Cadenet (/fr/) is a commune in the Vaucluse department in the Provence-Alpes-Côte d'Azur region in southeastern France.

==Geography==
Cadenet is a village located on the southern slopes of the Luberon Massif, overlooking the valley of the Durance. It is 57 km southeast of Avignon, 59 km north of Marseille and 616 km as the crow flies from Paris.

===Access===
It is accessed from Lourmarin to the north by county (départemental) main road 943. Secondary county road 973 crosses the south of the village on an east–west axis and allows it to connect to Lauris to the west, and runs east to Villelaure and Pertuis. County roads 43, 59, 118 and 139 also pass through the town.

A railway runs through the town on an east–west axis across the plains at the south end of the village. This is the line of the Cheval-Blanc in Pertuis.

===Relief and Geology===
The village is situated on a hill overlooking the valley of the Durance, on the southern Luberon Massif, in mountainous terrain formed during the Early Cretaceous period. Several other hills lie to the east, including Castellar. The alluvial plains of the Durance lie to the south. The town lies on the perimeter of the Luberon Geological Nature Reserve because of the proximity to exceptional fossil sites.

==History==

===Jewish community===

Like all places situated along the river Durance, Cadenet had a Jewish community in the Middle Ages. A document of the year 1283 states that this community, together with those of Aix-en-Provence, Saint-Maximin, Lambesc, Pertuis, Istres, Trets, and Lanson, was permitted to have a synagogue and a cemetery on paying an annual tax of two pounds of pepper to the archbishop of Aix.

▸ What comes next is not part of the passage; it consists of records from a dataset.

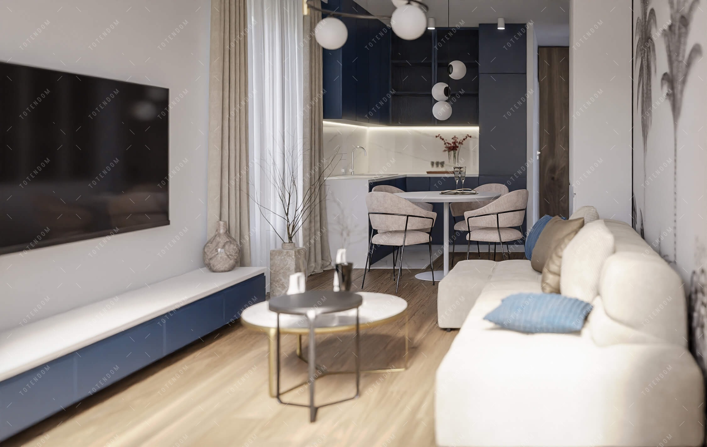 Wizualizacja salonu, w którym ciemnoniebieska kolorystyka jest podkreślona wyraźnymi akcentami. Lampy kule nadają wnętrzu subtelnego oświetlenia i tworzą przyjemną atmosferę. Jasna i duża kanapa zapewnia wygodne miejsce do wypoczynku i relaksu. Malowidło na ścianie z palmami dodaje tropikalnego uroku i odrobinę egzotyki. To wnętrze emanuje spokojem i elegancją, tworząc przytulne miejsce do odpoczynku w przyjemnej atmosferze.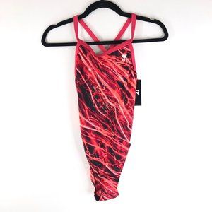 TYR Womens One Piece Swimsuit Diamondback Red Black 34 US M New with tags! Style Number: DPFLY7A Armpit to armpit: 13 Length: 27 Comes from a smoke free home.  Feel free to ask any questions you may have. Thanks for looking!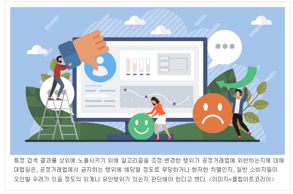 이 회사가 특정 검색 결과를 상위에 노출시키기 위해 알고리즘을 조정·변경한 행위가 공정거래법에 위반하는지 여부에 관하여 대법원이 최초로 판단한 최신 판례를 소개한다.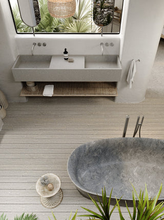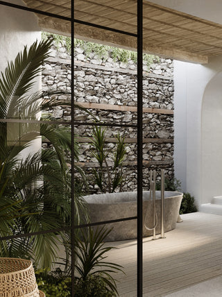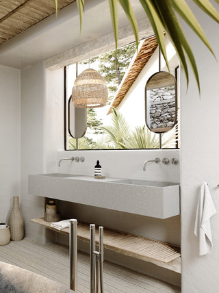 Discover one of our latest projects: a serene, sunlit en-suite bathroom that blends minimalism with bohemian. Minimalist bohemian style is all about finding the perfect balance. The simpleness of clean lines merged with the warmth of raw, natural textures that makes the space feels curated yet effortless, refined yet soulful.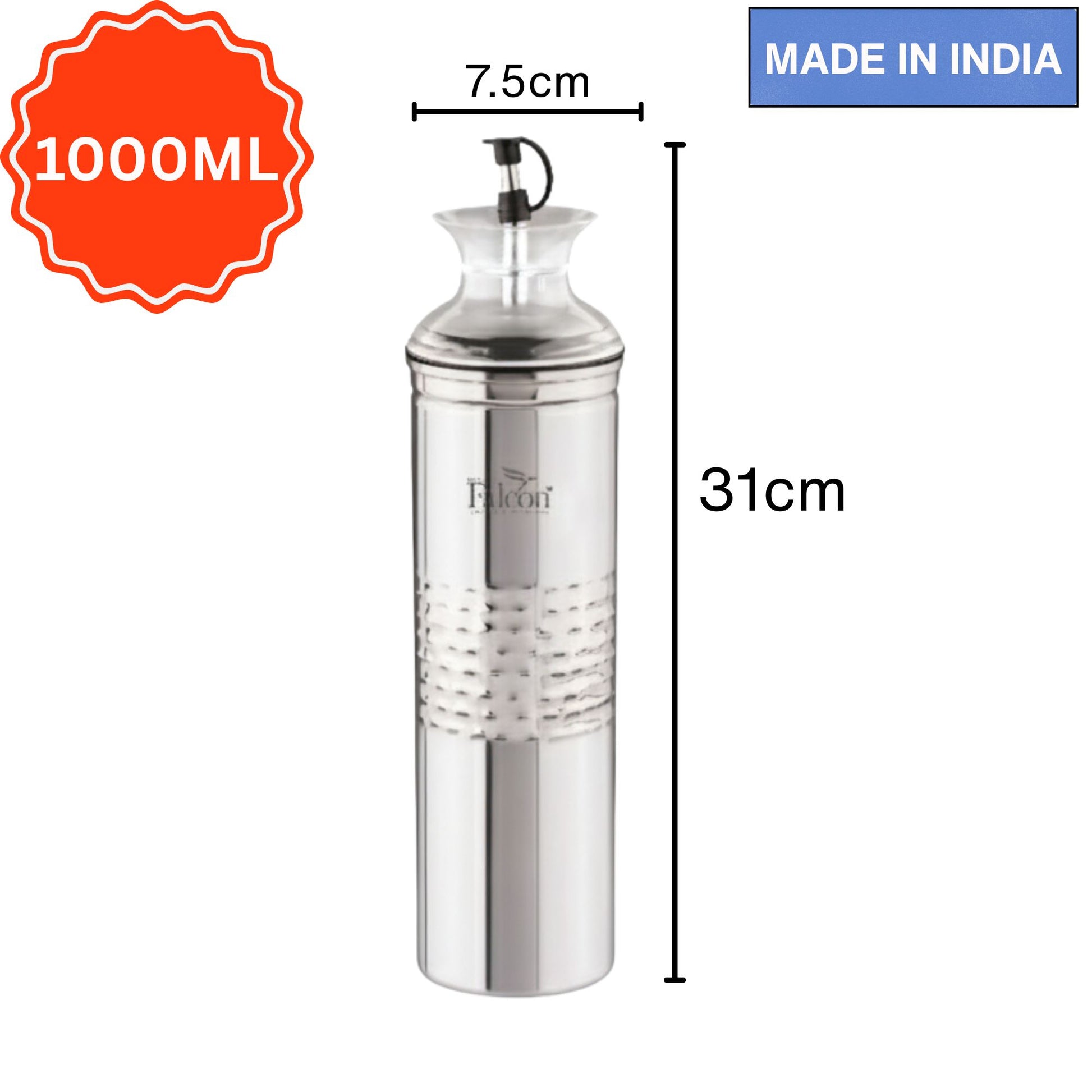 - Bring elegance and functionality to your kitchen with the Omega 1000ml Stainless Steel Oil Dispenser. BIS approved, Jindal Seal and Made in India is the perfect blend of style and durability. Made from premium food-grade stainless steel, this dispenser ensures your oils stay fresh, hygienic, and free from rust or odor.

In 1385 a remarkable lawsuit arose in Arles, relating to an alleged marriage. The plaintiff was Maestro Duran of Cadenet. In order to be revenged on Meirona, daughter of En Salves Cassin of Arles, who had refused him, Duran declared that he had married her in the presence of two witnesses, Vidal Abraham of Bourrin and Bonfilh or Bonfils Crégud. These witnesses were later convicted of perjury.

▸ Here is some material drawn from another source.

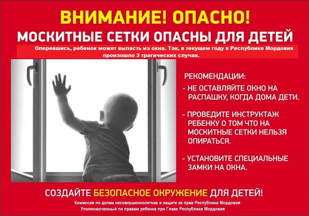 Тәрәзәдән егылу-балалар травматизмының һәм үлем санының төп сәбәпләреннән берсе, бигрәк тә шәһәрләрдә. Балалар ачык тәрәзә алдында табигый кызыксынучанлык аркасында бик зәгыйфь. Ел саен биеклектән егылудан бик күп балалар үлә. Уяу булыгыз!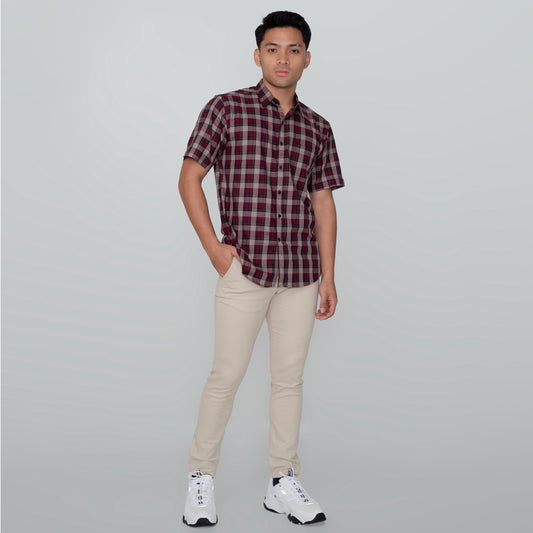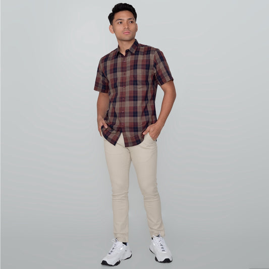Benhill Kemeja Pria Herringbone Lengan Pendek Kotak Maroon 29455-41434

The case was taken in turn before the rabbinical colleges of Arles, Nîmes, Montpellier, and Perpignan, and in the last instance, upon the demand of Don Salemias Nasi of Valence, was submitted to R. Isaac ben Sheshet, who pronounced severe judgment against Duran and his fellow-conspirators, and bitterly reproached the community of Arles that it had not done its utmost to prevent such a scandal from becoming public.

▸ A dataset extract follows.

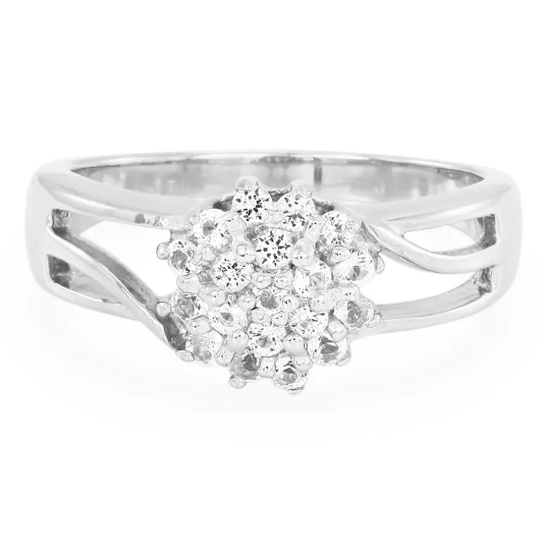 Entdecken Sie den leuchtenden Charme dieses atemberaubenden Rings mit 19 runden weißen Topasen im Brillantschliff aus Brasilien, die zusammen 0,385 Karat wiegen. Der aus hochwertigem 925er Sterlingsilber gefertigte Ring strahlt mit seinem schimmernden Cluster-Design moderne Eleganz aus. Er eignet sich perfekt, um der Alltagskleidung einen Hauch von Glanz zu verleihen oder die Abendgarderobe aufzuwerten und ist eine vielseitige Ergänzung für jede Schmucksammlung. Sein raffiniertes Aussehen macht ihn zu einer ausgezeichneten Wahl für Jahrestage oder als durchdachtes Geschenk.

A Jew, Mosson of Cadenet by name, lived at Carpentras in 1404; and two others, Salvet of Cadenet and Vidalon of Cadenet, were sheriffs of that community in 1460.

==Population==

Its inhabitants are called Cadenétiens in French.

==Twin towns==
Cadenet is twinned with:
- Arcole, Italy
- Varvari-Myrtia, Greece

==See also==
- Côtes du Luberon AOC
- Communes of the Vaucluse department
- Luberon

==Natives==
Natives include the Orientalist composer Félicien-César David, the carpenter and Jacobin Joseph Sec, and Saint Elzéar of Sabran, Baron of Ansouis and Count of Ariano.